In spite of those voices, the state of the environment continues to worsen, air pollution is getting worse, clean water is becoming scarce, the climate is becoming unbalanced… and yet, as regards way of life, nothing has changed. We know what needs to be done, we know what should no longer be done, but with a few exceptions, we don’t manage to change our habits. Why not?
Perhaps because deep inside ourselves, we are all a bit selfish. We don’t really want to make an effort. We don’t want to rein in on the things that we buy and all the material goods that we want to own. We don’t want to make the effort to pedal a bicycle or to squeeze up with other folk aboard public transport, when we can be seated comfortably in a car without getting all tired out to do the same journey. We don’t want to pay a little more for some organic food that would nonetheless preserve our health and the environment, and we don’t want to do without mangoes, even though they come from the other side of the world. We don’t want to switch off the air-conditioning even when it’s not really that hot… we could draw up a long list.
The change in behaviour that rich countries must impose upon themselves is a very radical one, and it would require giving up a lot of things. What we don’t see is that all those things come under the heading “superfluous”, and that for us to live well and happily, we don’t necessarily need “comfort”.

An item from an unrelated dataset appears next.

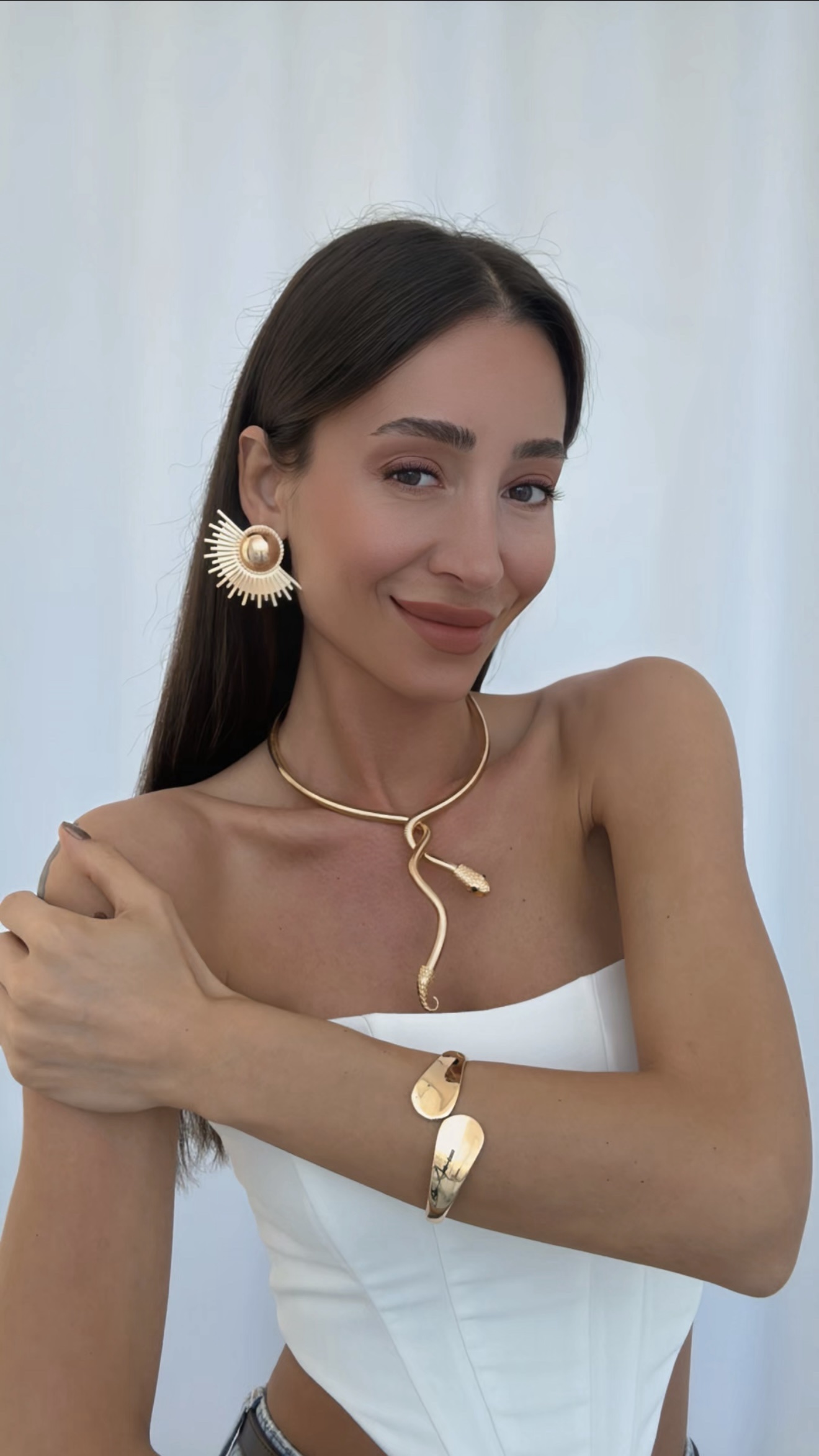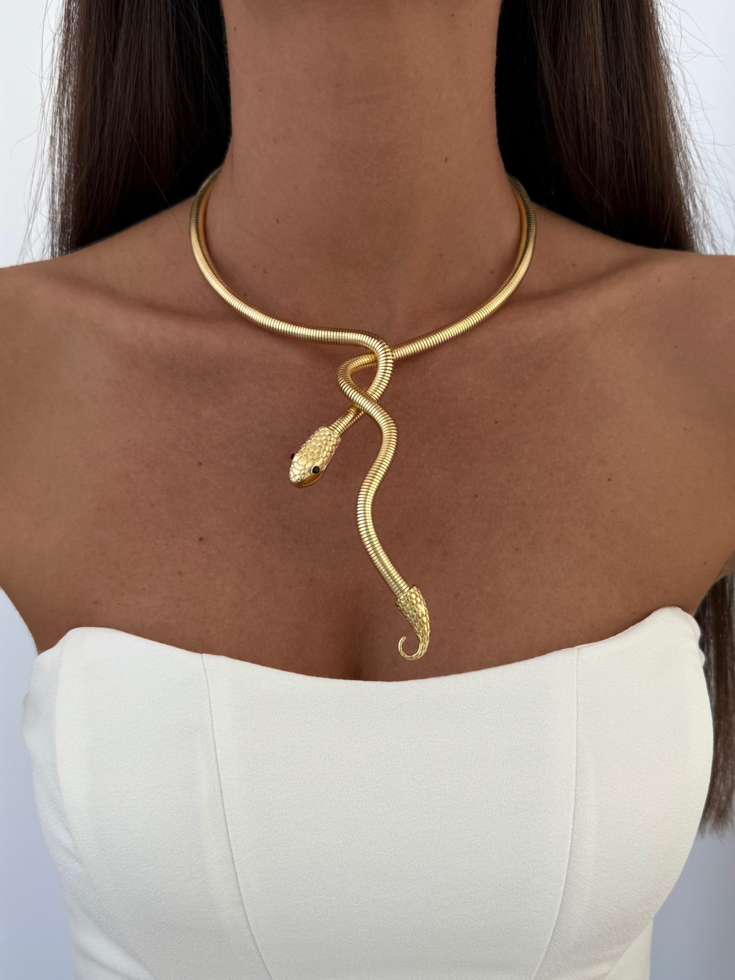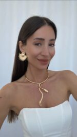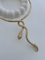 Özel Seri Sarmal Yılan Tasarım Gold Choker Kolye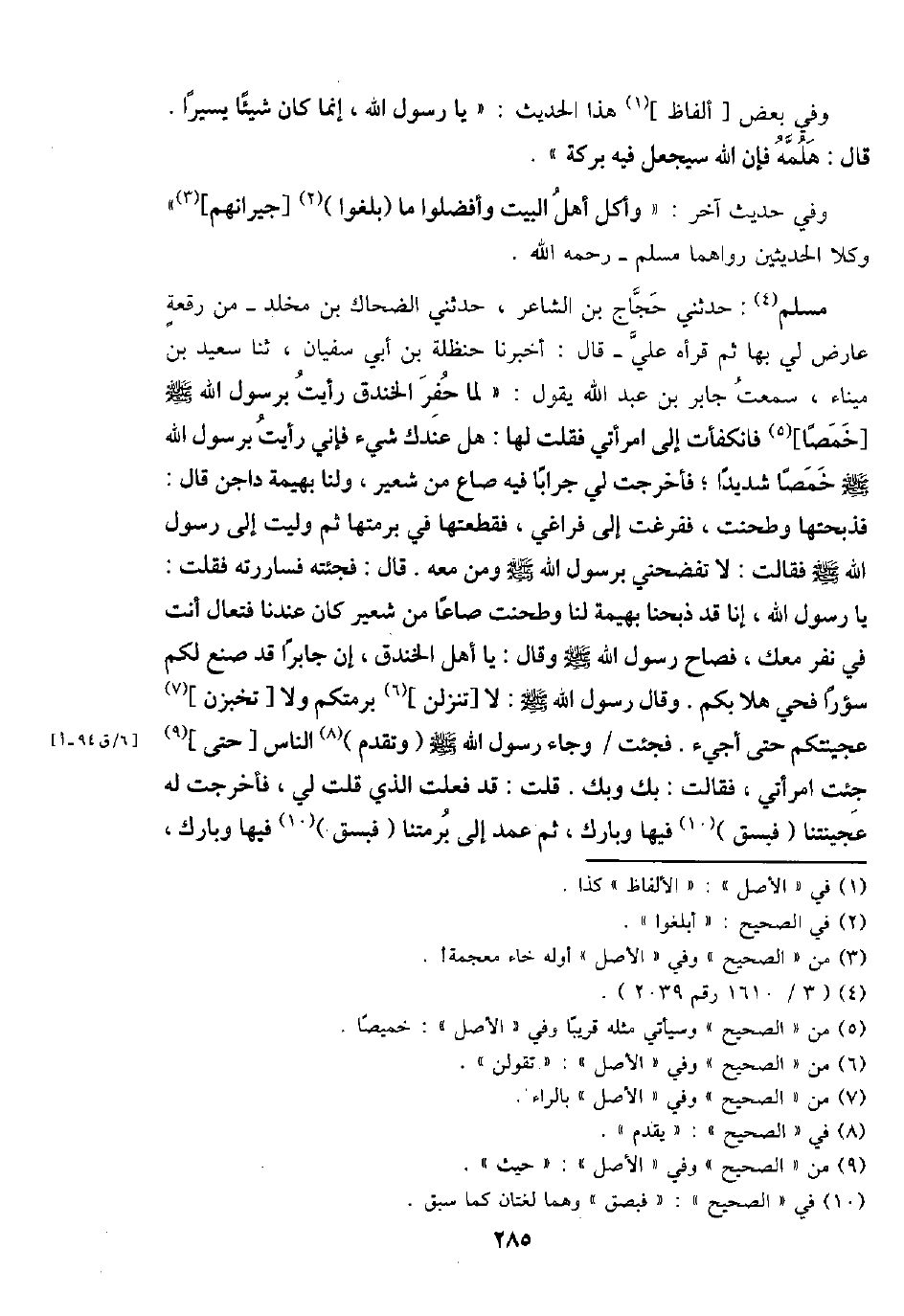 مُسلم: حَدثنِي حجاج بن الشَّاعِر، حَدثنِي الضَّحَّاك بن مخلد - من رقْعَة عَارض لي بهَا ثمَّ قَرَأَهُ عَليّ - قَالَ: أخبرنَا حَنْظَلَة بن أبي سُفْيَان، ثَنَا سعيد بن ميناء، سَمِعت جَابر بن عبد الله يَقُول: " لما حفر الخَنْدَق رَأَيْت برَسُول الله - صَلَّى اللَّهُ عَلَيْهِ وَسَلَّم َ -[خمصا] فَانْكَفَأت إِلَى امْرَأَتي فَقلت لَهَا: هَل عنْدك شَيْء فَإِنِّي رَأَيْت برَسُول الله - صَلَّى اللَّهُ عَلَيْهِ وَسَلَّم َ - خمصا شَدِيدا؛ فأخرجت لي جرابا فِيهِ صَاع من شعير، وَلنَا بَهِيمَة دَاجِن قَالَ: فذبحتها وطحنت، ففرغت إِلَى فراغي، فقطعتها فِي برمتها ثمَّ وليت إِلَى رَسُول الله - صَلَّى اللَّهُ عَلَيْهِ وَسَلَّم َ - فَقَالَت: لَا تفضحني برَسُول الله - صَلَّى اللَّهُ عَلَيْهِ وَسَلَّم َ - وَمن مَعَه. قَالَ: فَجِئْته فساررته فَقلت: يَا رَسُول الله، إِنَّا قد ذبحنا بَهِيمَة لنا وطحنت صَاعا من شعير كَانَ عندنَا فتعال أَنْت فِي نفر مَعَك، فصاح رَسُول الله - صَلَّى اللَّهُ عَلَيْهِ وَسَلَّم َ - وَقَالَ: يَا أهل الخَنْدَق، إِن جَابِرا قد صنع لكم سؤرا فحي هلا بكم. وَقَالَ رَسُول الله - صَلَّى اللَّهُ عَلَيْهِ وَسَلَّم َ - لَا [تنزلن] برمتكم وَلَا [تخبزن] عجينتكم حَتَّى أجيء. فَجئْت وَجَاء رَسُول الله - صَلَّى اللَّهُ عَلَيْهِ وَسَلَّم َ - (وَتقدم) النَّاس [حَتَّى] جِئْت امْرَأَتي، فَقَالَت: بك وَبِك. قلت: قد فعلت الَّذِي قلت لي، فأخرجت لَهُ عجينتنا (فبسق) فِيهَا وَبَارك، ثمَّ عمد إِلَى برمتنا (فبسق) فِيهَا وَبَارك،

That change may doubtless make place for other aspects of life that are the sources of much wellbeing: more generosity, humanity, goodwill, respect, and consideration for others – in short: more love (if one feels that “love” means “wanting to do good to others”!) That would lead us to make the supreme gesture of generosity: give up a little something today to leave a planet in good shape for the as-yet-unborn humans of the future! It’s not such an easy thing to do…
The famous “street artist” Wonk offers us a work that is very pessimistic about the future of Homo sapiens.
In any case, there is a strong chance that the alarm signals over the environment and their harmful consequences for health and for quality of life may end by making humans react in the right way. We just have to hope that it will not be too late.